What you need to know to make your decision.
You may need permission from a few entities before you can run a business from home; one of these is your mortgage provider or landlord. You should check with your landlord/mortgage provider to find out what their stance is on running a business from your home. You should also contact your local planning office if it is necessary for you to make major alterations to your property.
You should also request approval from your local council if the following are applicable to you: you’re going to get lots of customers or deliveries coming to your house, you want to advertise outside your home, or you need a license to run your business.

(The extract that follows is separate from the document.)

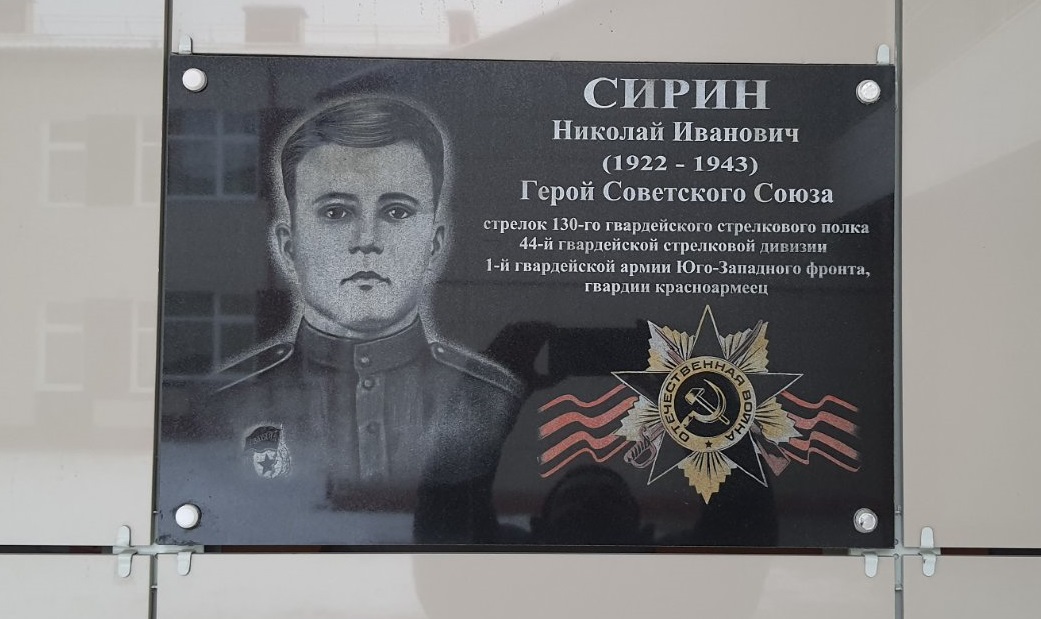 Мемориальная табличка, увековечивающая память о Герое Советского Союза Николае Ивановиче Сирине установлена на фасаде здания школы.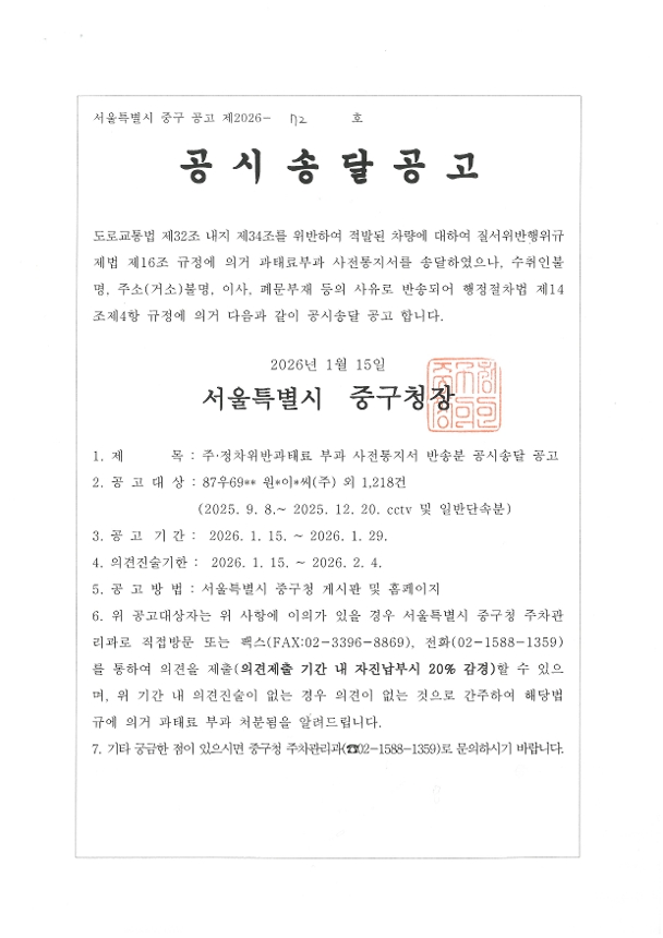 | 주.정차위반 과태료 사전통지서 반송분 공시송달 공고 | |||

You may need insurance for your home business. Home insurance may not cover your business (e.g. stock, computers, and customers visiting your premises). It is advisable to check your policy and contact your insurance company if you are unsure whether or not your business is covered by your home insurance.
3. Tax Allowances
You can include your business costs in your self-assessment tax return if you’re a sole trader or part of a business partnership. You can also claim a proportion of the cost of things like council tax, heating, lighting, phone calls and broadband. However, you may be liable to pay capital gains tax on the part of your property that you use for your business.
4. Business Rates
You may have to pay business rates on the space within a property that you use for business. This depends on whether the Valuation Office Agency (VOA) (local assessor in Scotland) has given a rateable value to a part of your home. Additionally, you may qualify for small business rate relief if your property has a rateable value of £12,000 or less. You will still have to pay council tax on the rest of your property.
5. Health and Safety
Last but not least, you need to be aware that you will need to implement health and safety procedures as you would with any other business.